While Sacred Seeds works with existing cultivars, rather than lost crops, similar questions of cultural heritage and food sovereignty animate the group’s work. Keen founded Sacred Seeds after a mentor asked him a stirring question: “What are you doing to protect your corn?” Not only were indigenous corn cultivars, including those of his own tribes, at risk of extinction from disuse, Keen’s mentor told him, but they were at risk from large agricultural companies seeking to patent and profit from Native people’s heritage. Ironically, Keen came to realize, the vastly diverse, richly colored, starchy Native maize varieties that were the origins of yellow and white American corn had been largely displaced.
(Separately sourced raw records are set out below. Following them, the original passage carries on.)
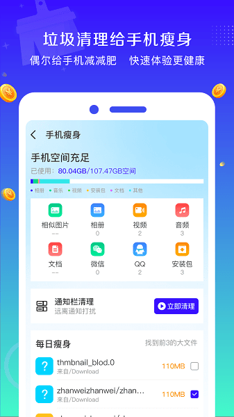 全新升级手机缓存清理,更快清除无用文件,安全智能清理手机垃圾。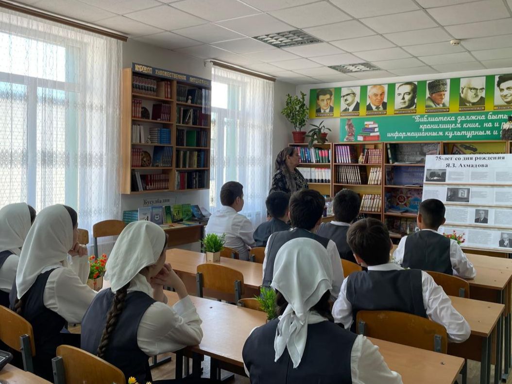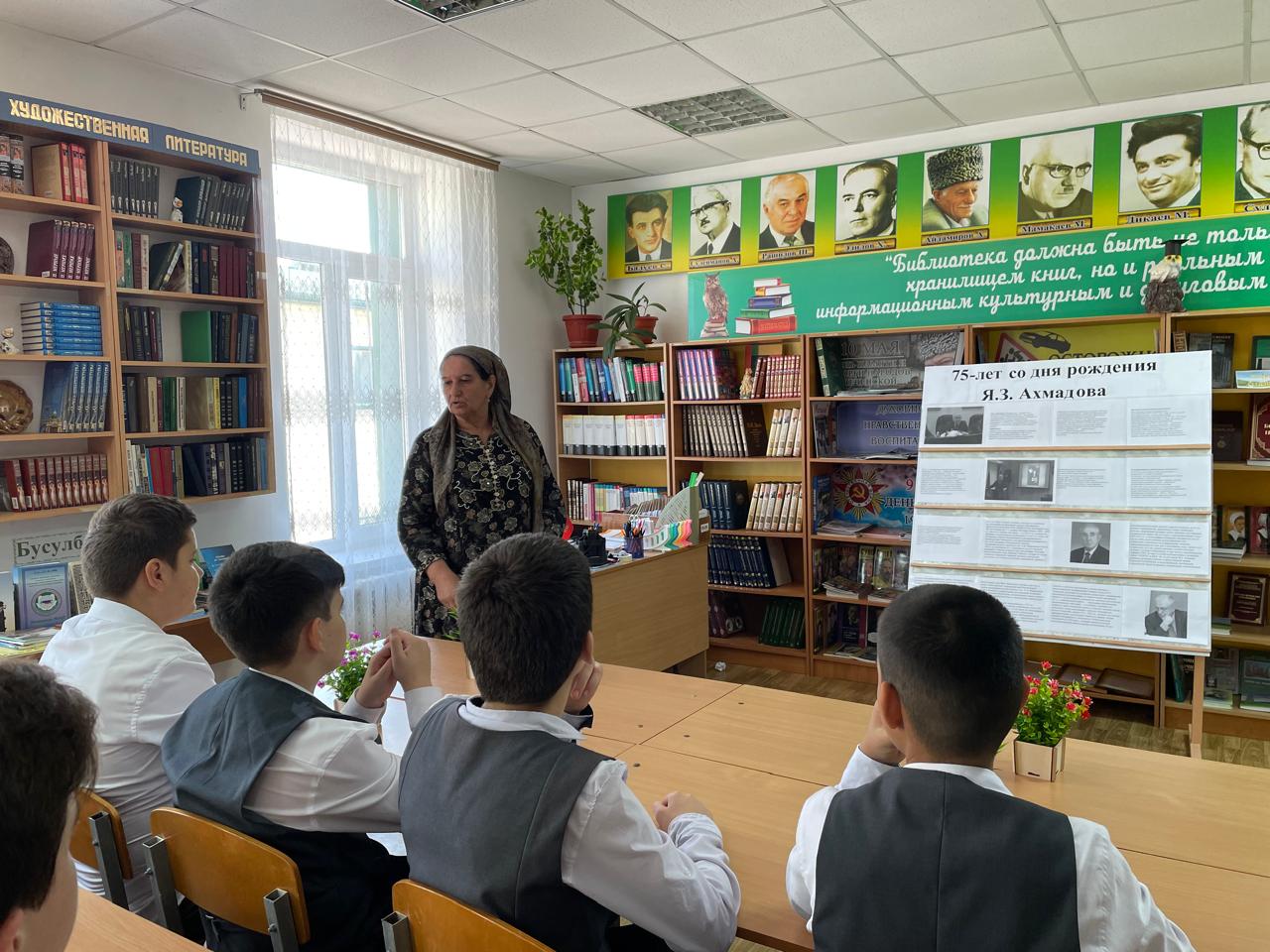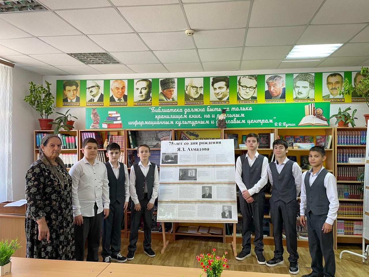 Заведующая школьной библиотекой Джабаева М.А. оформила и провела для обучающихся 9-11 классов обзор книжной выставки «Жизнь и творчество Мусы Ахмадова», посвященной 75-летию со дня рождения чеченского писателя, поэта, драматурга, члена Союза писателей Чечни, главного редактора литературно-художественного журнала «Вайнах» — Ахмадова Мусы Магомедовича.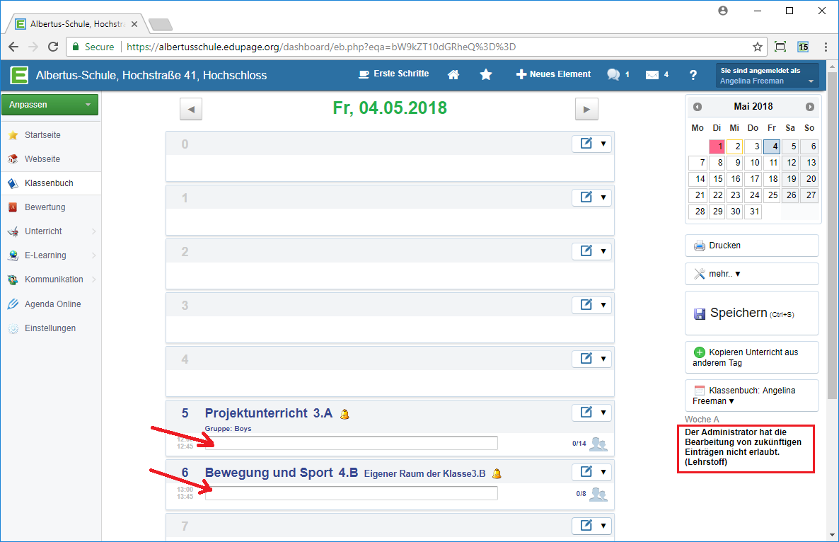 Heute (am 2.Mai) kann die Lehrkraft keinen Lehrstoff für übermorgen (4.Mai) eingeben.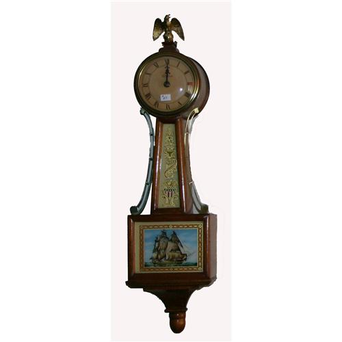 Three- Quarter Sized Telechrom Banjo Clock. Measures approximately 5 ½" x 20" T. Decorated with sailing ship and eagle finial. Electric.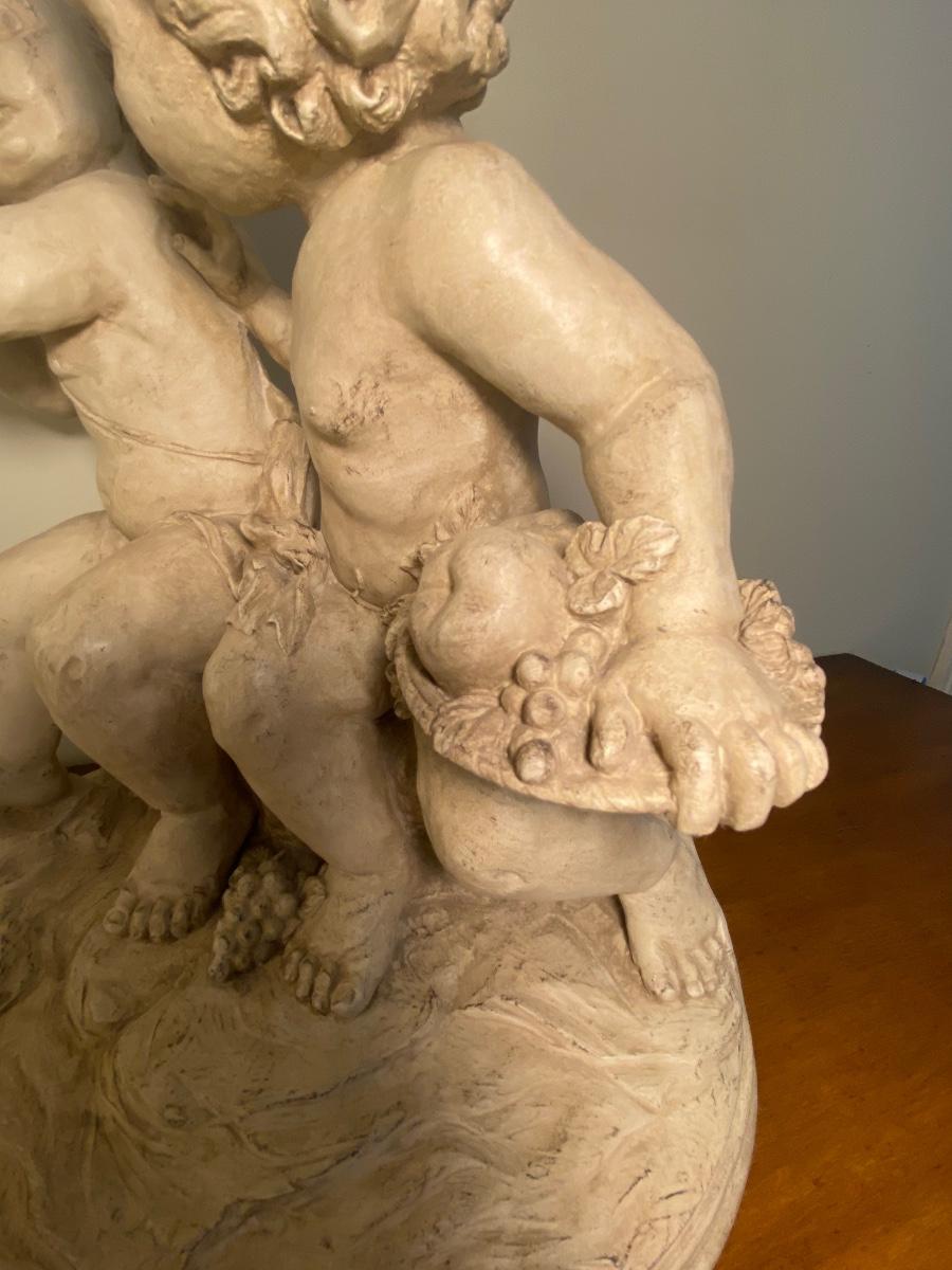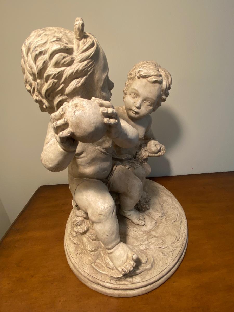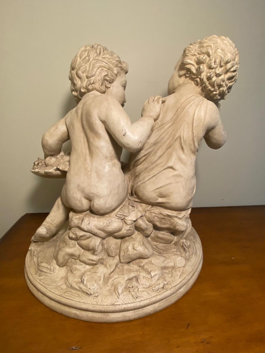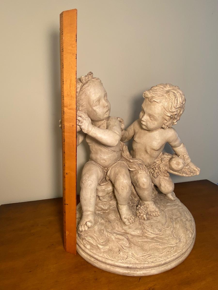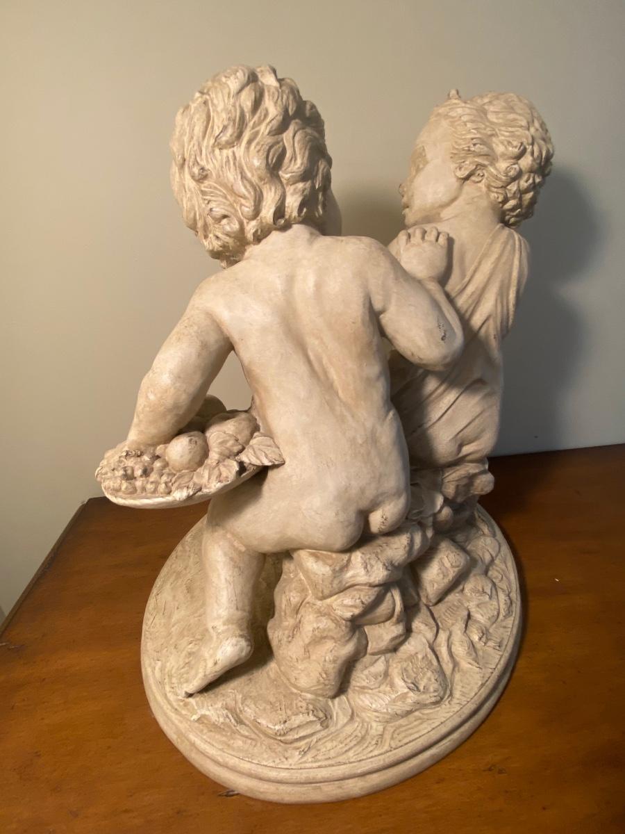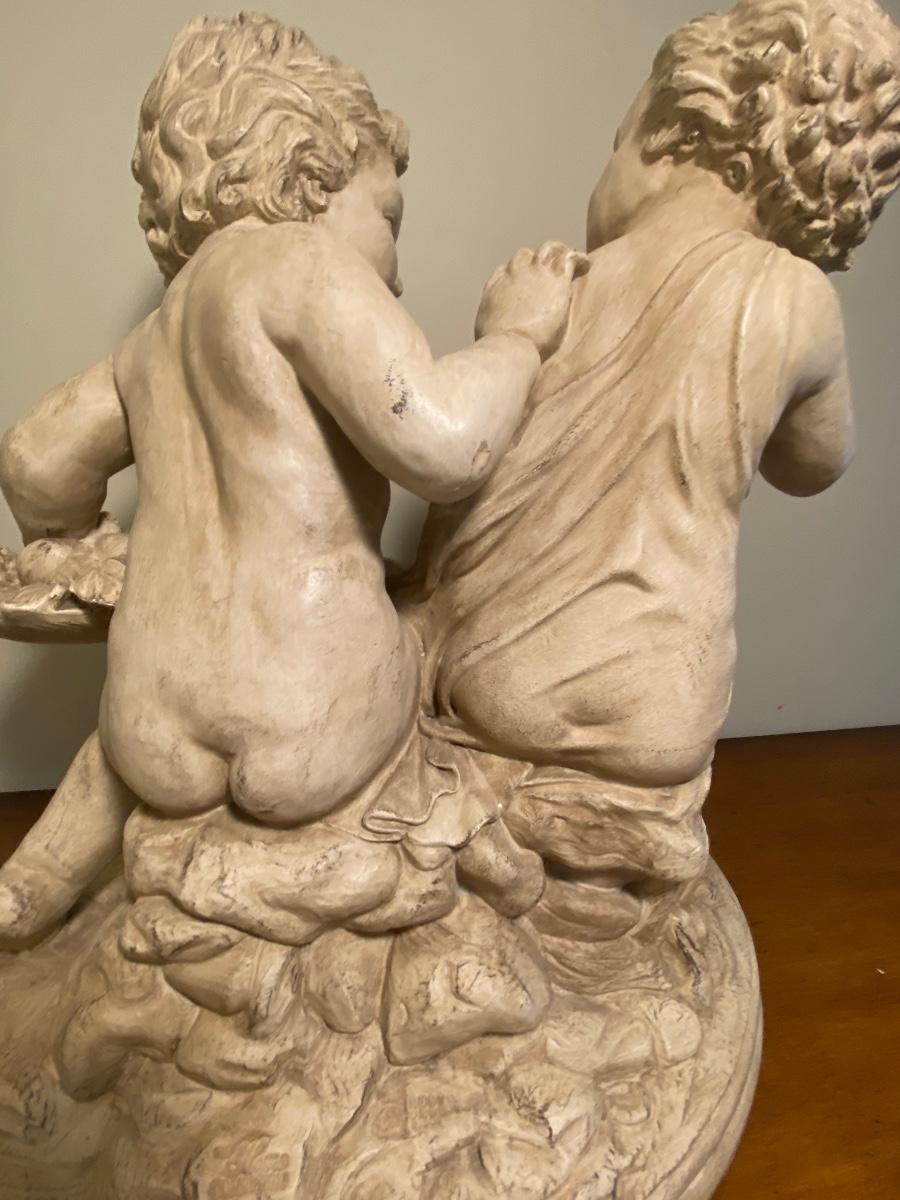 Sculpture has been kept inside. Materials seem to be a metal with Chalkware overlay. Piece is heavy.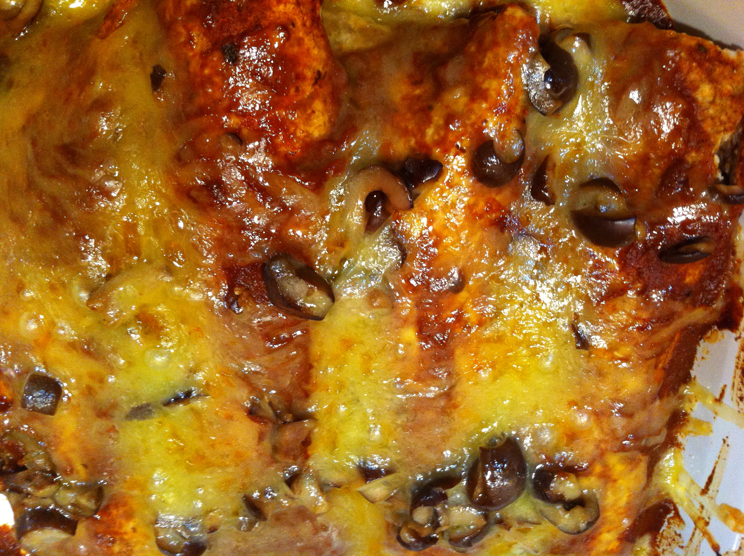 Pour the rest of the enchilada sauce over the top of the enchiladas, sprinkle with remaining olives and top with cheese .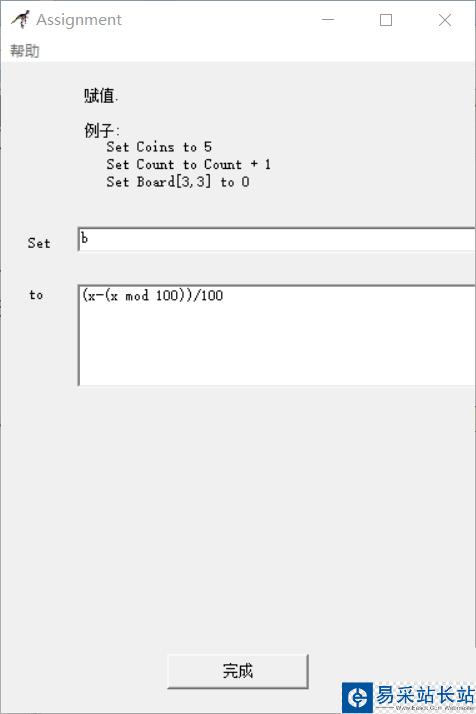 4、在第一個賦值框上方輸入 a 下方輸入 x mod 10,在第二個賦值框上方輸入b 下方輸入 (x-(x mod 100))/100。

Keen discussed the threat at later meetings with fellow Cherokee leaders: Could their sacred corn become the property of Monsanto?
These anxieties are shared by indigenous farmers worldwide. Since 1980, American companies have been able to patent plants, and as of 2011, three big agricultural companies, including Monsanto, controlled nearly 75 percent of global seed sales. While companies claim that patenting seeds—many of which are genetically modified—inspires innovation, farmers from India to Mexico and the United States have mobilized against what they view as the commodification of indigenous agricultural knowledge for corporate, rather than community, profit.
Meanwhile, Native activists and organizations across the United States, from the Iroquois White Corn Project to the Native-owned Sierra Seed company, are reviving indigenous cultivars as a means of achieving food sovereignty. For Keen, agriculture is religious, a connection to maize’s cosmological significance—a “romance with Mother Corn,” he says.
In light of this culturally profound, yet historically exploited, legacy, the possibility of re-domesticating lost Native American crops is both exciting and deeply fraught. That’s why Mueller says scientists have a responsibility to contend with these ethical questions while lost crop redomestication is still in its infancy.
Some safeguards are already in place. Under the 1990 Native American Graves Protection and Repatriation Act, scientists have a legal and moral commitment not to take any material, including seeds, from burial or other sacred sites. Most ancient North American seeds that archaeologists have recovered are currently held in public museum collections, which have stringent guidelines about DNA testing. Still, Mueller writes, the politics of who manages and accesses archaeological seeds reflect broader global power imbalances.
Horton of Plum Bayou says that as a government servant, her primary obligation is to the public: She sends seeds from her garden to non-profits, educational institutions, and federally recognized tribes—not corporations. Meanwhile, Mueller and Patton have presented their research to tribes and begun to forge connections with Native food-sovereignty activists.
Many Native people have a living relationship to the wild versions of these extinct, domesticated plants. Choctaw farmers Amy and Ian Thompson dedicated their Nan Awaya Heritage Farmstead to reviving traditional foods, including goosefoot. Ian Thompson is currently working on a cookbook that will include a recipe for lambsquarter stew made with hickory nuts and the seeds of wild Chenopodium.
While Mueller urges scientists to forge these connections as soon as possible, the commercialization of North American quinoa is still distant. For now, it is spring. In Plum Bayou, delicate shoots of erect knotweed peek out of the rich black soil. In Omaha, Taylor Keen is planting his garden again. Some years are better than others: In 2018, up to 80 percent of the crop was lost to excess rain. But Keen is animated by the promise of a new season. The first time he saw his corn grow, he marvelled at the plants. “One leaf turned to two, two turned to four,” he says. “It was a beautiful thing.”